EXERCISE BRIEF:
Take the line with "with a turned" and every line after it, through the end of the listing, and give them again exactly, pictures excluded.

DATASET CONTENT:
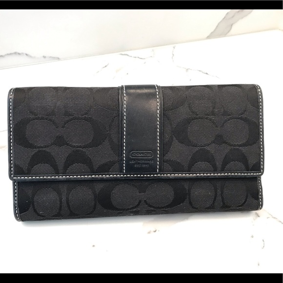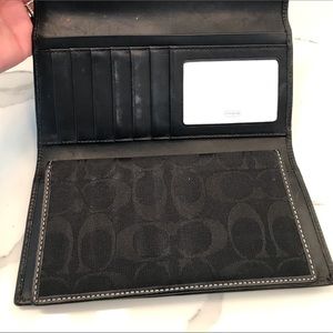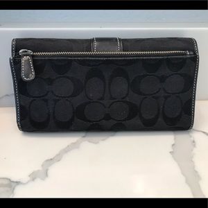 Black Coach wallet trip-fold with space for check book, change, & credit cards.
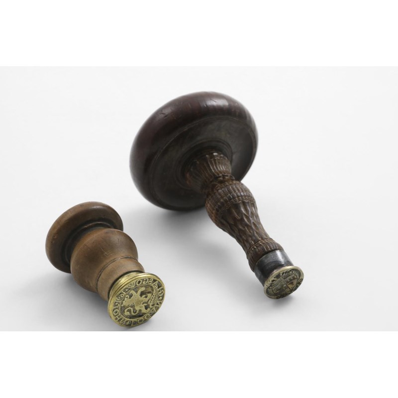 with a turned wooden handle, the matrix with intaglio rampant lion & leaf and "JOHN LOGAN GLASGOW 1691", together with a mounted wooden seal with a mushroom-shaped and engine-turned handle, and an intaglio coat of arms, early 18th century; the latter 4.25" (10.8 cm) long (2)
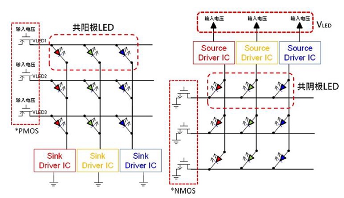 ♦ 圖2:共陽驅(qū)動(dòng)與共陰驅(qū)動(dòng)掃描屏電路架構(gòu)比較
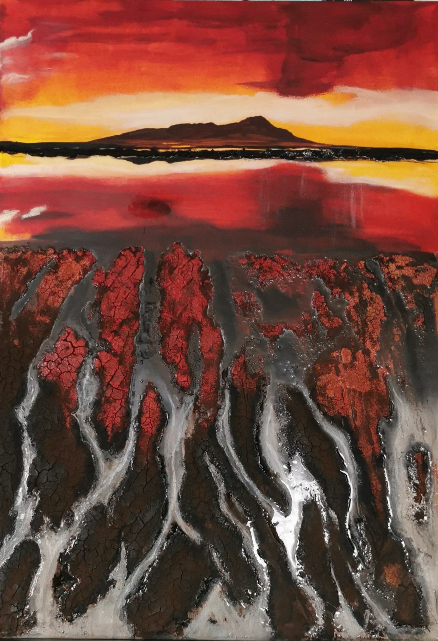 114.21 "Flammenmeer", Mixed Media auf Leinwand, 100x70 cm
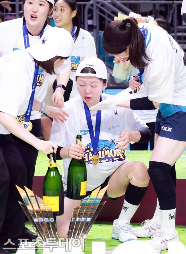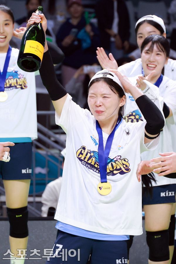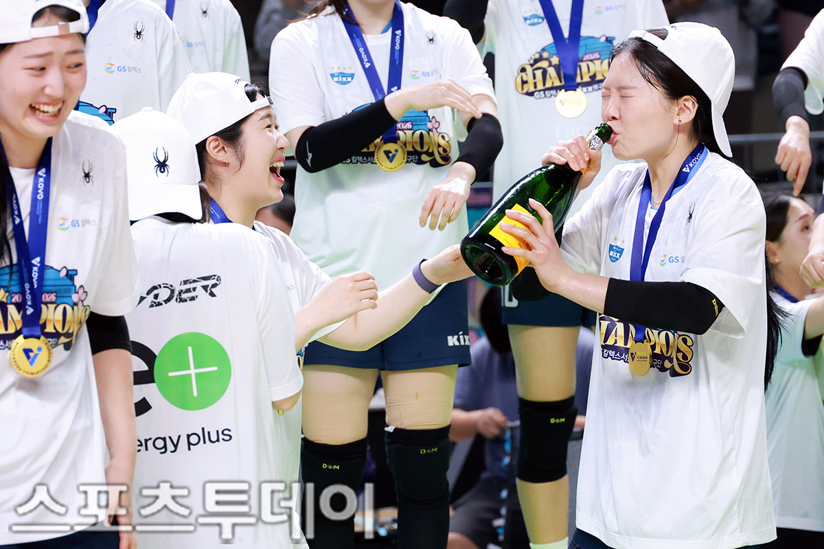 À̳¯ GSĮŨ½º°¡ ¼¼Æ®½ºÄÚ¾î 3-1(25-15 19-25 25-20 25-20)·Î èÇǾð °áÁ¤Àü ¿ì½ÂÀ» Â÷ÁöÇß´Ù. ÇѼöÁø ¼±¼ö°¡ ¼¤ÆäÀÎ ¼¼¸®¸Ó´Ï¸¦ ÇϰíÀÖ´Ù. 2026.04.05.
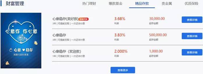 虽然通过58同城APP与“上行财富”签约失败,但探长读财在上海银行官网注意到,上海银行财富管理业务涵盖基金、存款、贵金属,以及保险产品。其中,存款产品包括心意稳存(美好款),3年期,支持提前支取,年化利率3.68%,起存金额3万元;心意稳存(非江浙地区),支持提前支取,年化利率3.08%,起存金额3万元。

TASK RESULT:
 with a turned wooden handle, the matrix with intaglio rampant lion & leaf and "JOHN LOGAN GLASGOW 1691", together with a mounted wooden seal with a mushroom-shaped and engine-turned handle, and an intaglio coat of arms, early 18th century; the latter 4.25" (10.8 cm) long (2)
 ♦ 圖2:共陽驅(qū)動(dòng)與共陰驅(qū)動(dòng)掃描屏電路架構(gòu)比較
 114.21 "Flammenmeer", Mixed Media auf Leinwand, 100x70 cm
 À̳¯ GSĮŨ½º°¡ ¼¼Æ®½ºÄÚ¾î 3-1(25-15 19-25 25-20 25-20)·Î èÇǾð °áÁ¤Àü ¿ì½ÂÀ» Â÷ÁöÇß´Ù. ÇѼöÁø ¼±¼ö°¡ ¼¤ÆäÀÎ ¼¼¸®¸Ó´Ï¸¦ ÇϰíÀÖ´Ù. 2026.04.05.
 虽然通过58同城APP与“上行财富”签约失败,但探长读财在上海银行官网注意到,上海银行财富管理业务涵盖基金、存款、贵金属,以及保险产品。其中,存款产品包括心意稳存(美好款),3年期,支持提前支取,年化利率3.68%,起存金额3万元;心意稳存(非江浙地区),支持提前支取,年化利率3.08%,起存金额3万元。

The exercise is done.